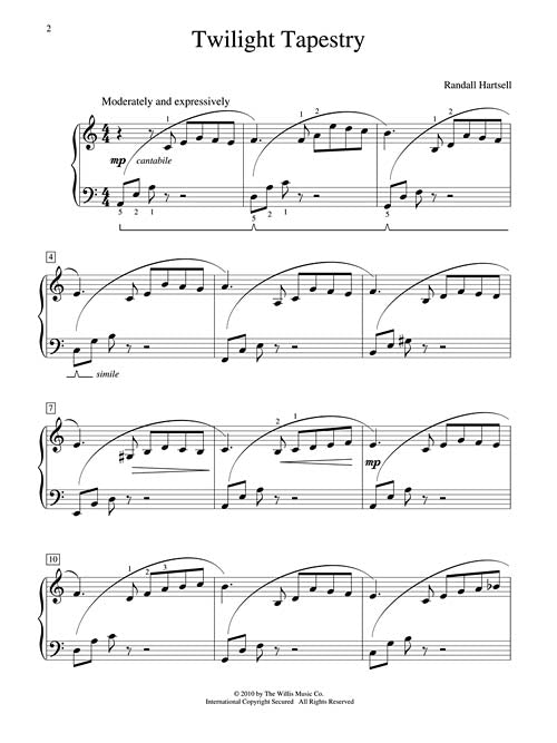 Destined to be an instant favorite with students! A beautiful singing melody combined with patterns in both hands make Twilight Tapestry a joy to practice and perform.
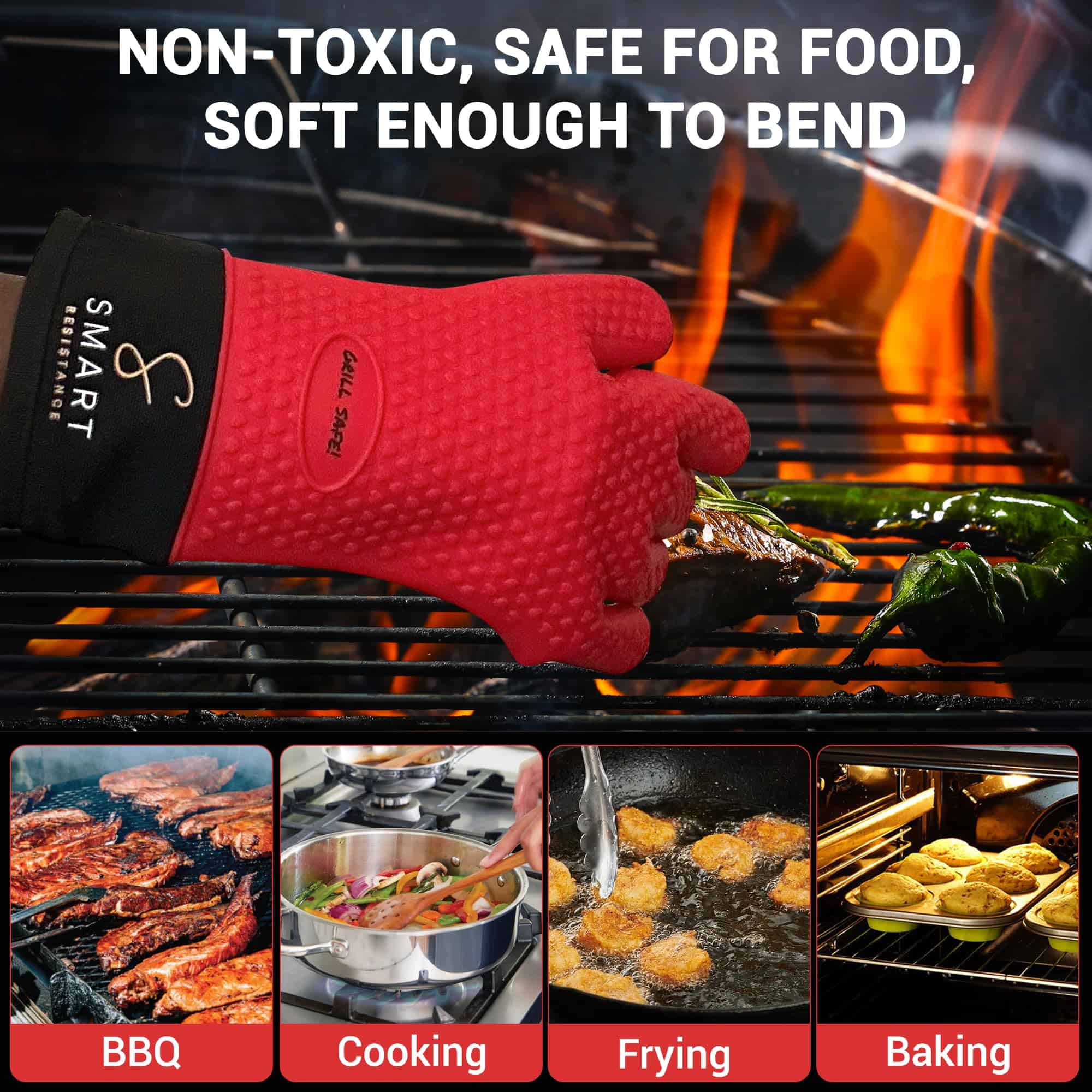3. AMPLIO USO – herramienta de cocina más versátil y adecuada para hornear, cocinar y asar a la parrilla. Con una superficie texturizada para proporcionar un agarre fuerte y antideslizante.
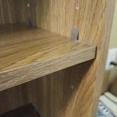 Simple and functional, this medium-sized laminate bookshelf features a woodgrain veneer finish and clean mid-century style lines. With three fixed shelves, it offers versatile storage for books, collectibles, media, or office supplies. Lightweight and compact, it's a practical choice for small spaces like bedrooms, dorms, or home offices. Approx. Dimensions: 29" H x 24" W x 9.5" D Condition: Good overall; some light wear and surface scuffs consistent with use Budget-friendly utility with a classic look! 3066 / 4588 sold -
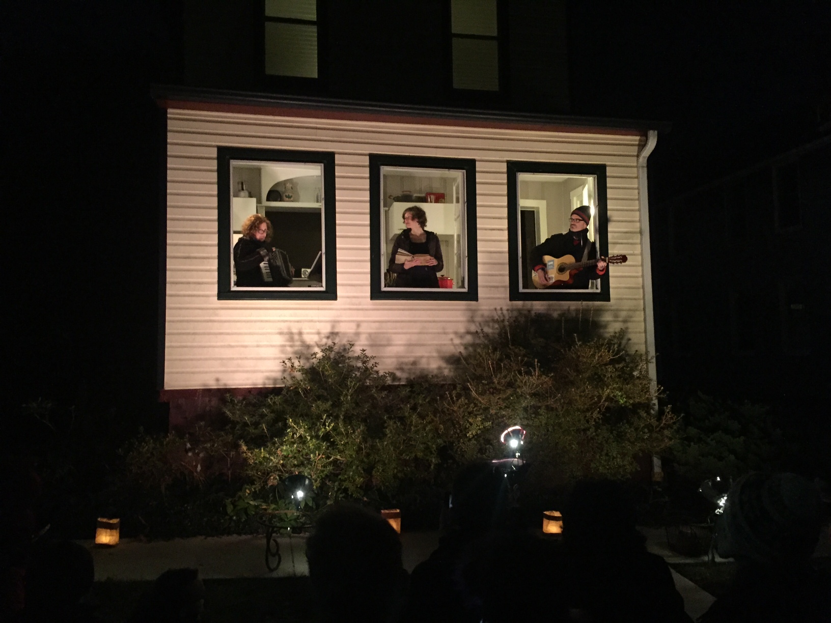Continuing our exploration of home and neighborhood as an essential place to make and share performances, neighbors from near and far gather at the house on Sabina Ave for an evening of songs and stories, warm food and warm drinks.
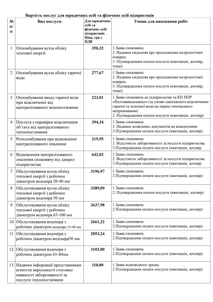 ВАРТІСТЬ послуг ПОКВПТГ «Полтаватеплоенерго» з опломбування/преопломбування вузлів комерційного розподільчого обліку теплової енергії  та води,  перевірки відключень,  та інше для юридичних осіб та фізичних осіб підприємців
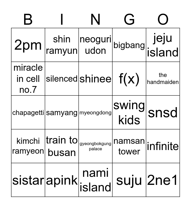 This bingo card has a free space and 24 words: train to busan, apink, shinee, sistar, jeju island, 2pm, miracle in cell no.7, shin ramyun, swing kids, gyeongbokgung palace, f(x), chapagetti, namsan tower, infinite, silenced, suju, snsd, neoguri udon, the handmaiden, samyang, 2ne1, kimchi ramyeon, bigbang and nami island.
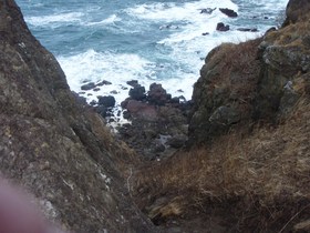 表側(南側)は短い野草が生い茂る「山」って感じなのだが、裏は「これぞ崖!」と言わんばかりの豪快な崖。
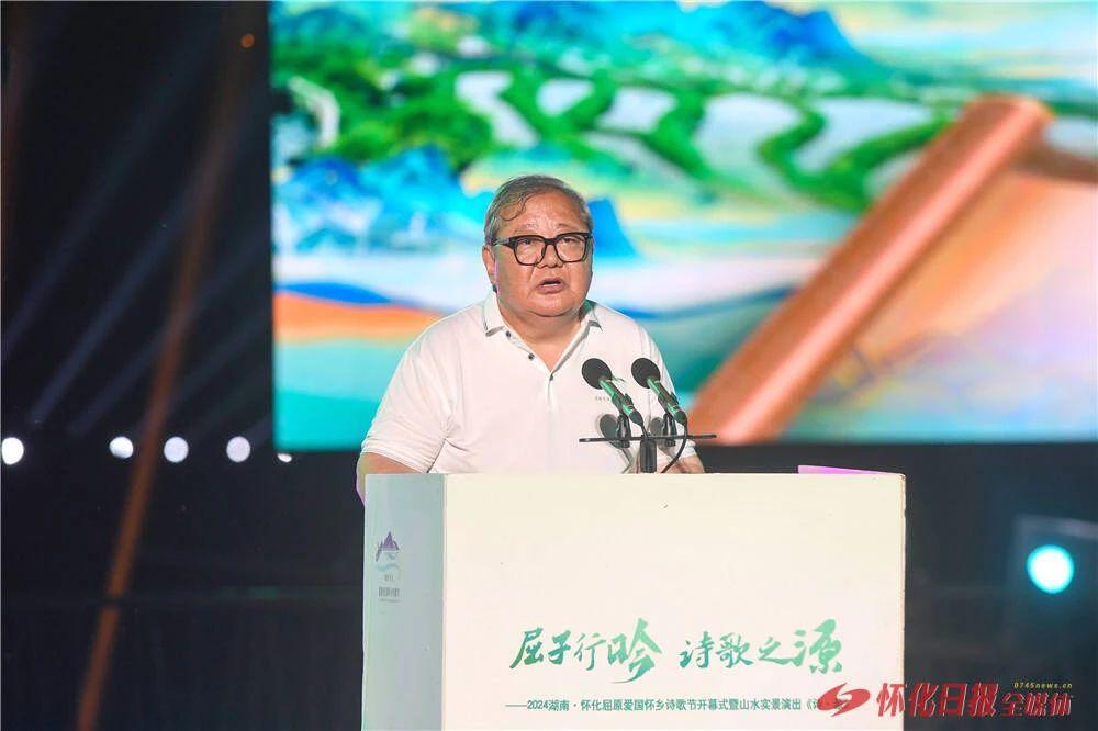 吉狄马加在讲话中说,2300年前,中国诗歌史上最伟大的浪漫主义诗人屈原在溆浦写下了《涉江》《离骚》《九歌》《天问》《橘颂》等经典诗篇。2300年后的今天,怀化举办屈原爱国怀乡诗歌节,既是向中国诗歌的鼻祖屈原致以深深的敬意,也是对中国古典诗歌的传承发展。近年来,怀化市委、市政府在加快经济发展的同时,着力推动中华优秀传统文化创造性转化、创新性发展,让诗歌走进群众生活,为助推中国诗歌繁荣发展做了大量工作。希望更多的诗人走进怀化,走进溆浦,了解这片培育了屈原等文学大家的厚重土地,书写出新时代的优秀诗歌。
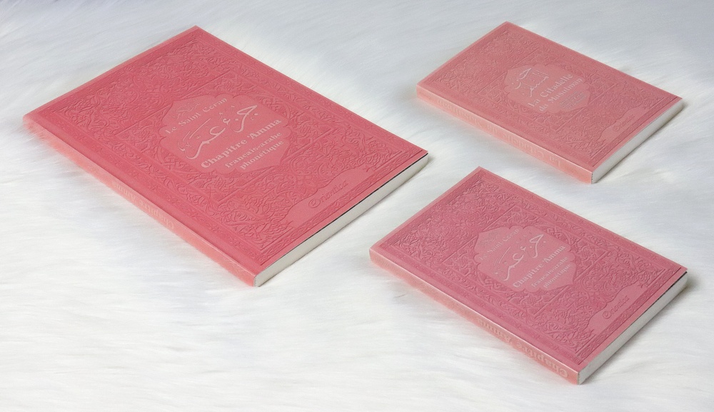 Pack cadeau constitué des trois livres de couleur rose claire assortie : La Citadelle du Musulman de poche et Le Saint Coran Chapitre Amma en deux tailles différente : format de poche et grande taille.
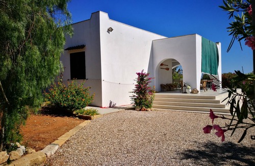 Un montón de flores (adelfas, buganvillas, acacias, hibiscos) y árboles frutales (olivos, higos, limones, uvas) le dan la bienvenida en Villa Livia, una típica villa mediterránea, situada cerca de una de las playas más famosas de Apulia, Pescoluse ( literalmente alcance de peces).
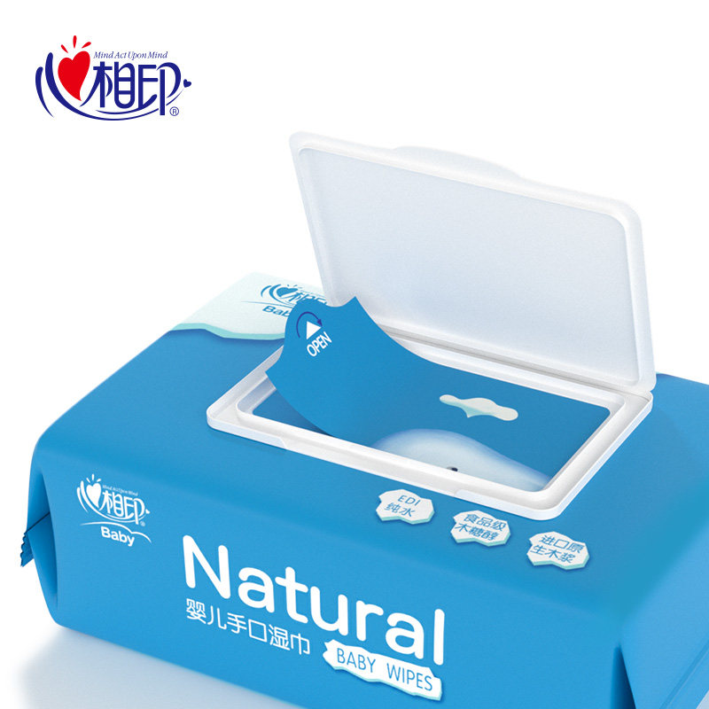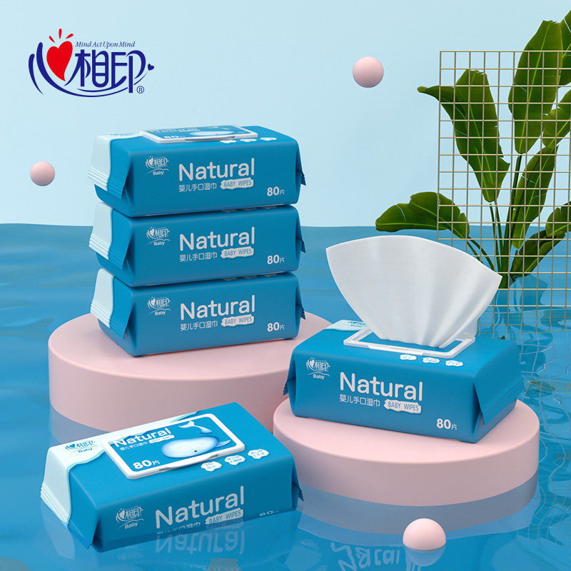 Heart print baby wipes Hand and mouth fart special newborn baby wipes with lid Removable 80 pumping 5 packs of the whole box
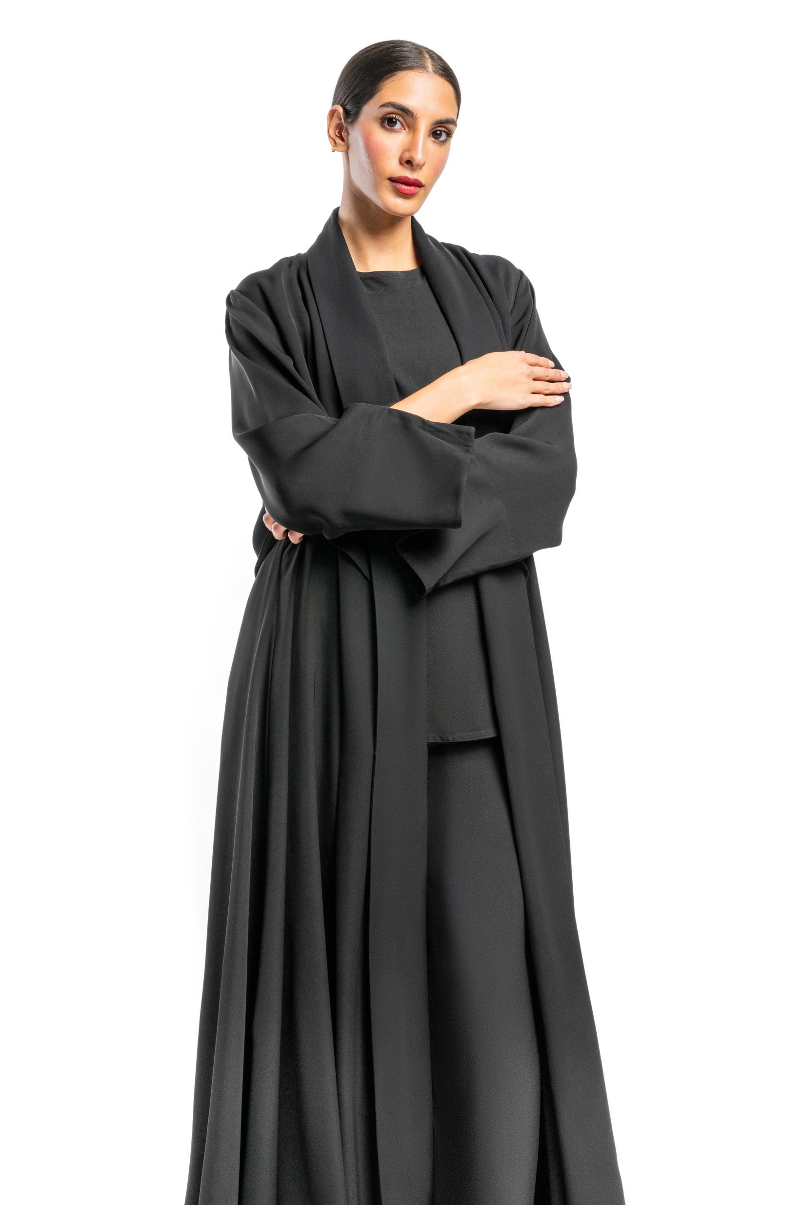 Plain abaya is made from Special Bait Hanayen Crepe. It has open front design and comes in Black. Designed in Kuwait and shipped worldwide.
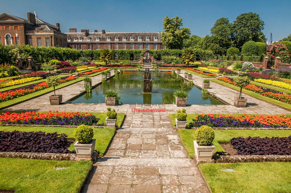 A formal sunken garden with a rectangular pond and central fountain, surrounded by vibrant, symmetrical flower beds, stone pathways, and a historic brick building in the background Day three balances indoor culture with outdoor spring beauty ideal for London’s variable March and April weather.
# # # #
Your objective -
When a picture appears among the entries, skip it; transcribe everything else exactly.

Response for this exercise -
 Destined to be an instant favorite with students! A beautiful singing melody combined with patterns in both hands make Twilight Tapestry a joy to practice and perform.
3. AMPLIO USO – herramienta de cocina más versátil y adecuada para hornear, cocinar y asar a la parrilla. Con una superficie texturizada para proporcionar un agarre fuerte y antideslizante.
 Simple and functional, this medium-sized laminate bookshelf features a woodgrain veneer finish and clean mid-century style lines. With three fixed shelves, it offers versatile storage for books, collectibles, media, or office supplies. Lightweight and compact, it's a practical choice for small spaces like bedrooms, dorms, or home offices. Approx. Dimensions: 29" H x 24" W x 9.5" D Condition: Good overall; some light wear and surface scuffs consistent with use Budget-friendly utility with a classic look! 3066 / 4588 sold -
Continuing our exploration of home and neighborhood as an essential place to make and share performances, neighbors from near and far gather at the house on Sabina Ave for an evening of songs and stories, warm food and warm drinks.
 ВАРТІСТЬ послуг ПОКВПТГ «Полтаватеплоенерго» з опломбування/преопломбування вузлів комерційного розподільчого обліку теплової енергії  та води,  перевірки відключень,  та інше для юридичних осіб та фізичних осіб підприємців
 This bingo card has a free space and 24 words: train to busan, apink, shinee, sistar, jeju island, 2pm, miracle in cell no.7, shin ramyun, swing kids, gyeongbokgung palace, f(x), chapagetti, namsan tower, infinite, silenced, suju, snsd, neoguri udon, the handmaiden, samyang, 2ne1, kimchi ramyeon, bigbang and nami island.
 表側(南側)は短い野草が生い茂る「山」って感じなのだが、裏は「これぞ崖!」と言わんばかりの豪快な崖。
 吉狄马加在讲话中说,2300年前,中国诗歌史上最伟大的浪漫主义诗人屈原在溆浦写下了《涉江》《离骚》《九歌》《天问》《橘颂》等经典诗篇。2300年后的今天,怀化举办屈原爱国怀乡诗歌节,既是向中国诗歌的鼻祖屈原致以深深的敬意,也是对中国古典诗歌的传承发展。近年来,怀化市委、市政府在加快经济发展的同时,着力推动中华优秀传统文化创造性转化、创新性发展,让诗歌走进群众生活,为助推中国诗歌繁荣发展做了大量工作。希望更多的诗人走进怀化,走进溆浦,了解这片培育了屈原等文学大家的厚重土地,书写出新时代的优秀诗歌。
 Pack cadeau constitué des trois livres de couleur rose claire assortie : La Citadelle du Musulman de poche et Le Saint Coran Chapitre Amma en deux tailles différente : format de poche et grande taille.
 Un montón de flores (adelfas, buganvillas, acacias, hibiscos) y árboles frutales (olivos, higos, limones, uvas) le dan la bienvenida en Villa Livia, una típica villa mediterránea, situada cerca de una de las playas más famosas de Apulia, Pescoluse ( literalmente alcance de peces).
 Heart print baby wipes Hand and mouth fart special newborn baby wipes with lid Removable 80 pumping 5 packs of the whole box
 Plain abaya is made from Special Bait Hanayen Crepe. It has open front design and comes in Black. Designed in Kuwait and shipped worldwide.
 A formal sunken garden with a rectangular pond and central fountain, surrounded by vibrant, symmetrical flower beds, stone pathways, and a historic brick building in the background Day three balances indoor culture with outdoor spring beauty ideal for London’s variable March and April weather.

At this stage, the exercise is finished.